Wer diese drei Fragen für das eigene Unternehmen noch nicht beantworten kann, muss sie nicht allein beantworten. Ein erstes Gespräch dazu kostet Sie nichts.
Boris Wehmann · Unternehmensberater Hamburg Tel: +49 40 657 26 273 · Mail: kontakt@boris-wehmann.de ·
Fragen und Antworten
Was bedeutet „Fundament“ im Zusammenhang mit einer KI-Einführung? Gemeint sind die Voraussetzungen, die schon vor dem ersten Tool bestehen: Datenqualität, dokumentierte Prozesse, klare Rollen und Entscheidungswege, funktionierende Zusammenarbeit. KI verbessert diese Voraussetzungen nicht, sie baut auf ihnen auf.
Muss ich meinen IST-Zustand offiziell prüfen lassen, bevor ich KI einführe? Nicht zwingend durch einen Dritten. Entscheidend ist, dass die Standortbestimmung ehrlich passiert – intern oder mit Unterstützung von außen. Eine externe Perspektive hilft oft, weil sie Lücken benennt, die im eigenen Haus nicht mehr auffallen.

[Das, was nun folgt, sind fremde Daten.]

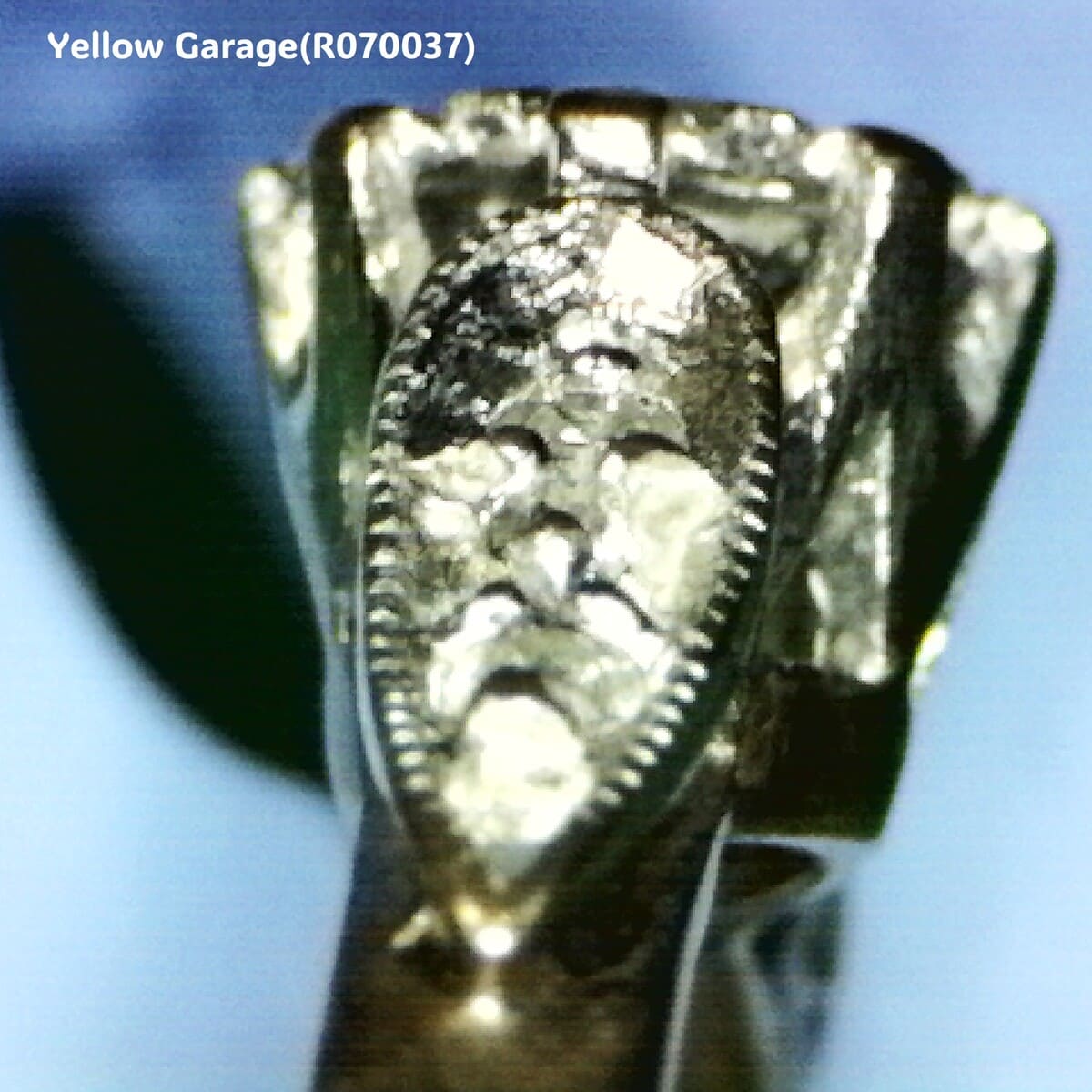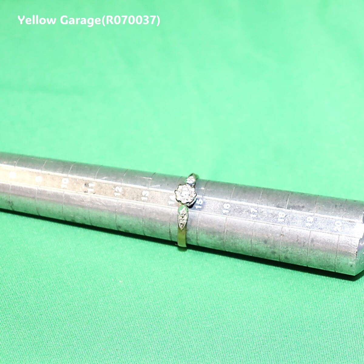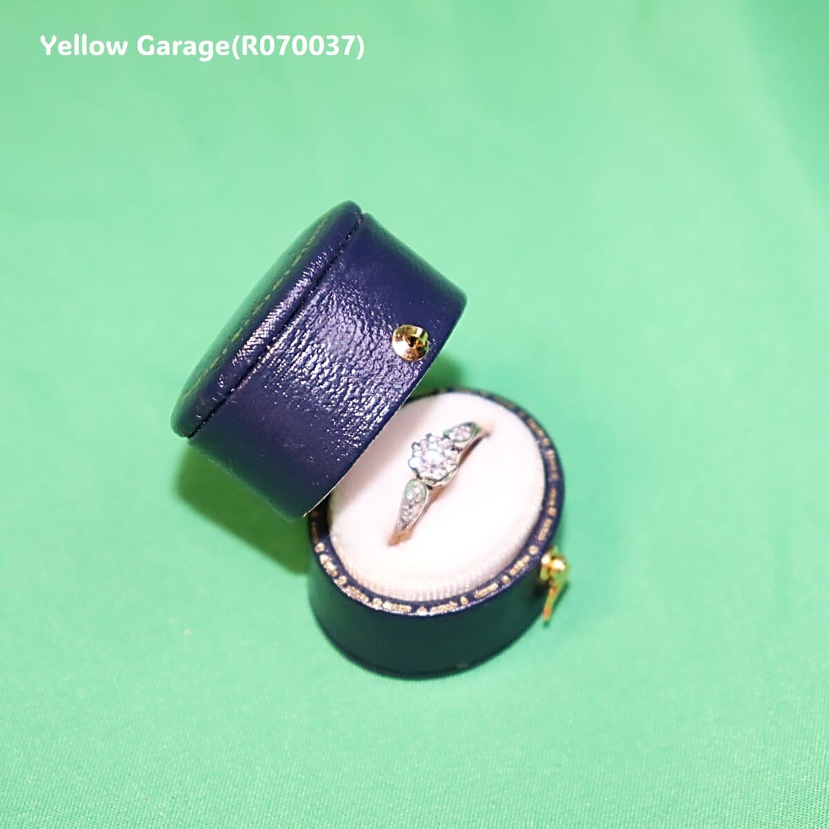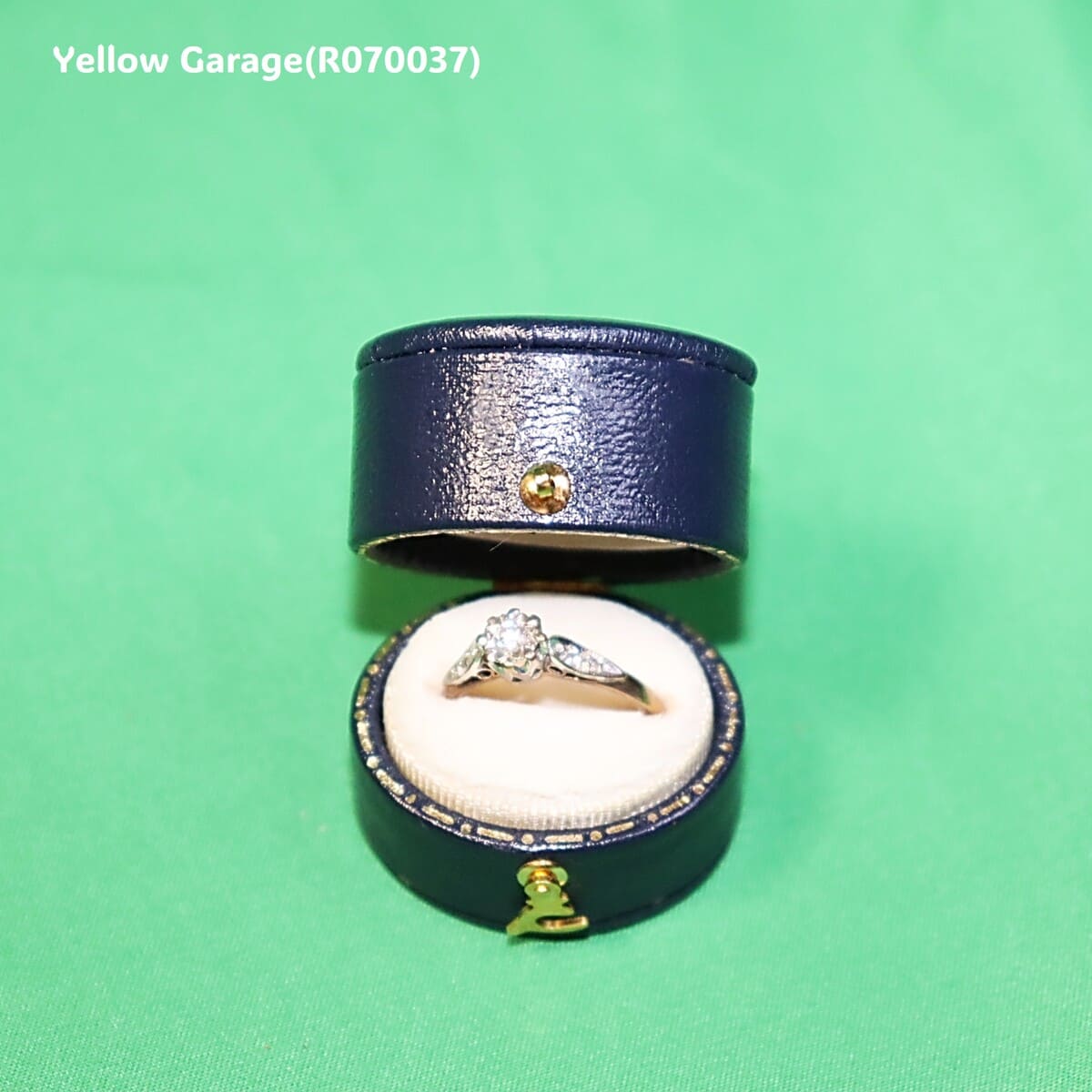 1989年、イギリス・バーミンガムで製作されたと推定されるアンティークダイヤモンドリングです。中央には可憐な花を思わせるラウンドカットのダイヤモンドが1石、そして両サイドにはリーフモチーフのようにデザインされたメレダイヤが計4石あしらわれています。石座の装飾やリングアームの細工も細やかで、時代を感じさせる品のある一本です。ホールマークには「A&GL」のメーカーズマーク、王冠、375(9金)、動物のマーク、そして「P」のデートレターが刻印されており、これにより1989年製と判断されます。リングサイズは日本サイズで約14.5号。英国サイズではN付近と推定されます。付属のネイビーブルーの丸型ヴィンテージリングケースは開閉もスムーズで、贈り物や保管にも適しています。(R070037)

Wie lange dauert eine solche Standortbestimmung? Das hängt von der Größe und Komplexität des Unternehmens ab und lässt sich seriös erst im konkreten Fall einschätzen, nicht pauschal im Vorfeld.
Wer im Unternehmen sollte das Problem benennen, das durch KI gelöst werden soll? In der Regel die Geschäftsführung gemeinsam mit den Personen, die dem Problem im Alltag am nächsten sind. Wird die Problemdefinition allein an die IT delegiert, fehlt häufig der Bezug zur eigentlichen Ursache.
Was passiert, wenn man ohne diese Klärungen startet? Meistens ein Tool, das technisch läuft, aber im Arbeitsalltag nicht ankommt. Die Investition ist getätigt, das Problem bleibt bestehen, und die nächste Initiative hat es schwerer, weil das Vertrauen in das Thema bereits gelitten hat.